WHAT THE TASK ASKS – Every line below from the one with "kinesiske blåregn ‘Prolific’." through the one with "Een heerlijk zomers" is to be repeated exactly, with no picture among them.

RECORDS PROVIDED –

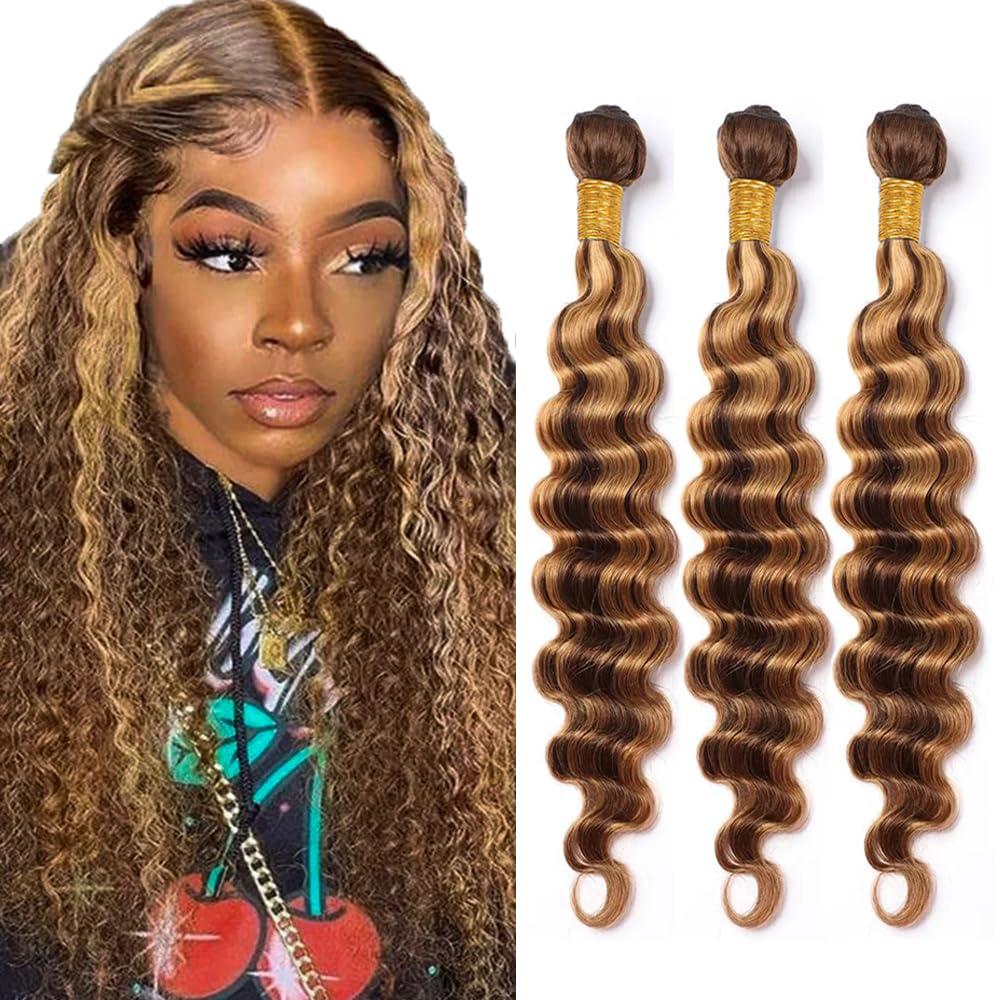 - Hair Color:Brazilian Human Hair Deep Wave 3 Bundles,Human Hair Color P4/27,Soft And Buncy,100(+/-5)G Each Bundle.
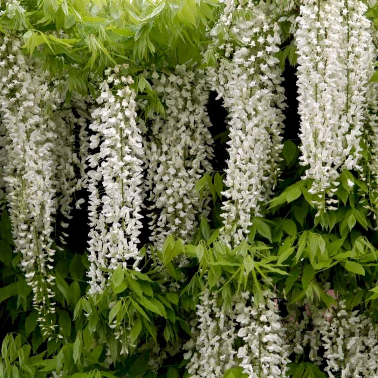 ‘Alba’ er den hvide mutation af den mere kendte og populære kinesiske blåregn ‘Prolific’.
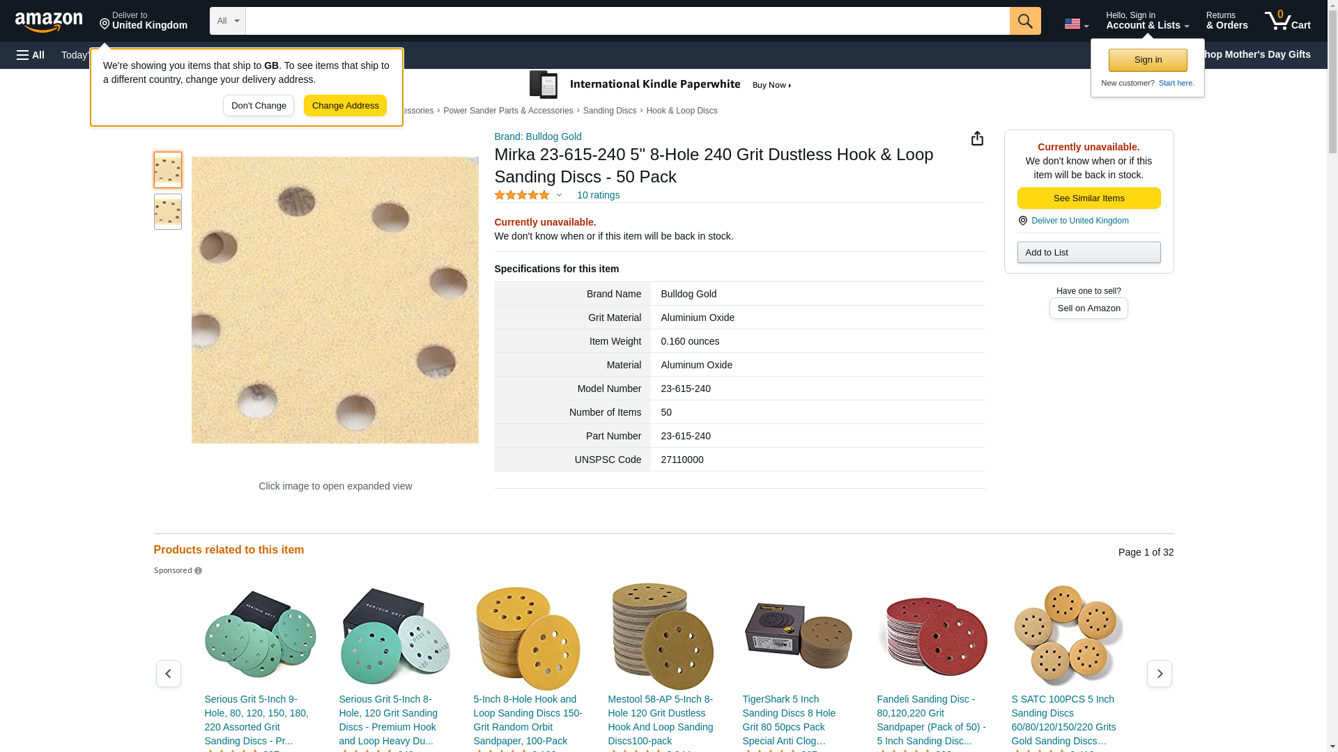Mirka Gold 5 inch Sandpaper Discs / 8-Hole / 240-Grit / 50-Pack/Dustless Hook and Loop Sanding / 23-615-240
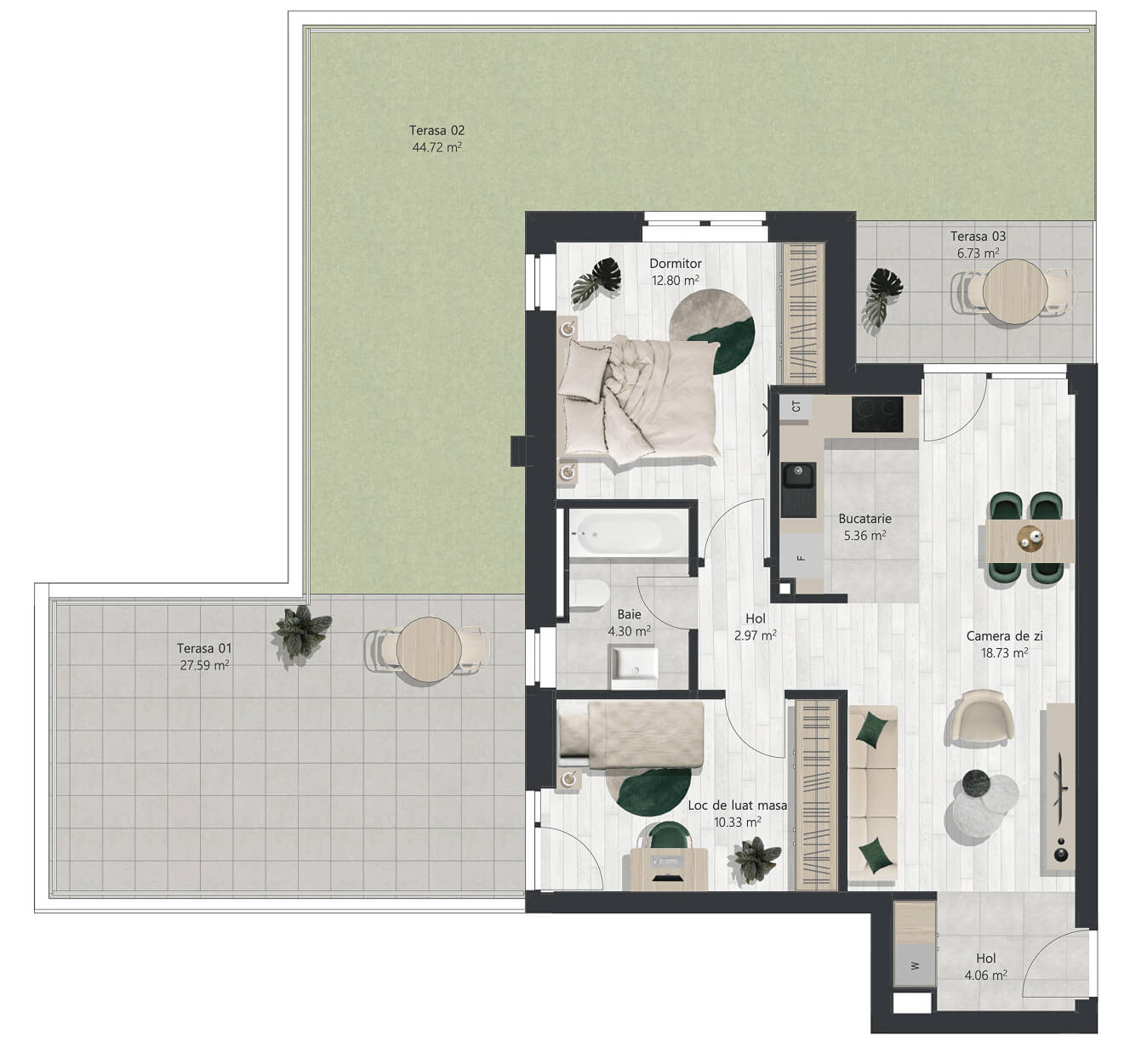 - Suprafaţă terasă 2: 27.59 mp
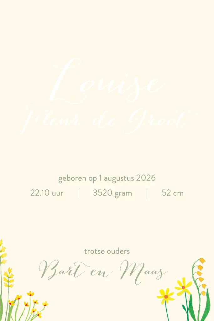 Een heerlijk zomers geboortekaartje met een illustratie van een bloemenveld vol gele bloemen en madeliefjes met in het midden een schattige baby in een mandje (mozesmand). Met goudfolie voor een extra luxe uitstraling.
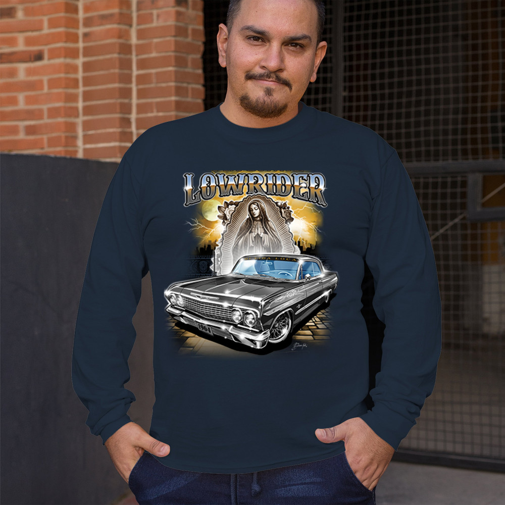 Unleash your love for custom cars with our "Original Lowrider" t-shirt. Showcasing a meticulously detailed 1964 lowrider, this shirt is a must-have for anyone passionate about car culture and street art. Whether you're attending a car show, hitting the streets, or just hanging out, this tee combines style and comfort. Made from premium materials, it ensures lasting quality and a great fit. Make your wardrobe stand out with this iconic lowrider design.
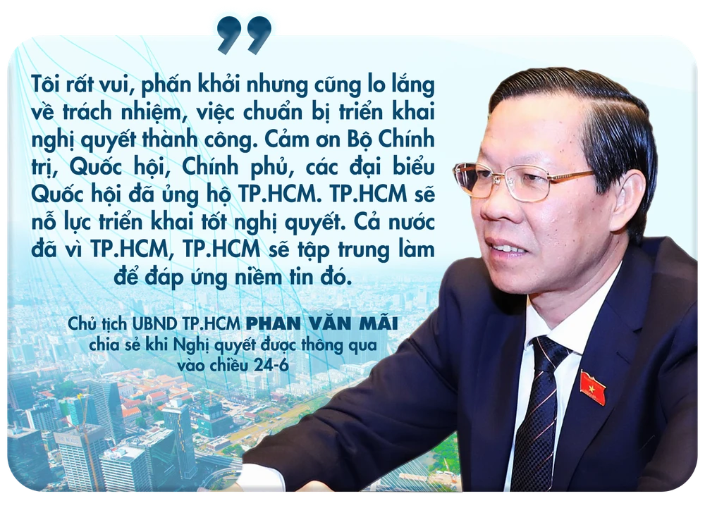 Hôm qua (24-6), Quốc hội (QH) đã bấm nút chính thức thông qua Nghị quyết thí điểm một số cơ chế, chính sách đặc thù phát triển TP.HCM, thay thế Nghị quyết 54/2017. Để có được kết quả này là sự nỗ lực rất lớn không chỉ của riêng TP.HCM mà còn của Chính phủ, bộ, ngành, các cơ quan Trung ương và nhiều ý kiến đóng góp từ các tỉnh, thành trên cả nước.
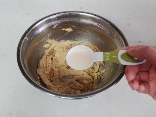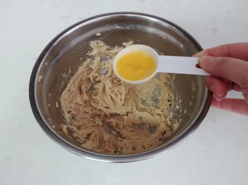 加入蛋液打至完全被吸收,再加入花奶打勻,以膠刮清理盆邊。
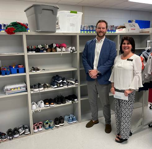 Photo: J Larry Newton School Clothing Closet – (L-R) Will Wiggins, Director of Operations and Executive Administrator of Baldwin Bone & Joint and Tonya Harrelson, Principal of J. Larry Newton School

REPLY TO THE TASK –
 ‘Alba’ er den hvide mutation af den mere kendte og populære kinesiske blåregn ‘Prolific’.
Mirka Gold 5 inch Sandpaper Discs / 8-Hole / 240-Grit / 50-Pack/Dustless Hook and Loop Sanding / 23-615-240
 - Suprafaţă terasă 2: 27.59 mp
 Een heerlijk zomers geboortekaartje met een illustratie van een bloemenveld vol gele bloemen en madeliefjes met in het midden een schattige baby in een mandje (mozesmand). Met goudfolie voor een extra luxe uitstraling.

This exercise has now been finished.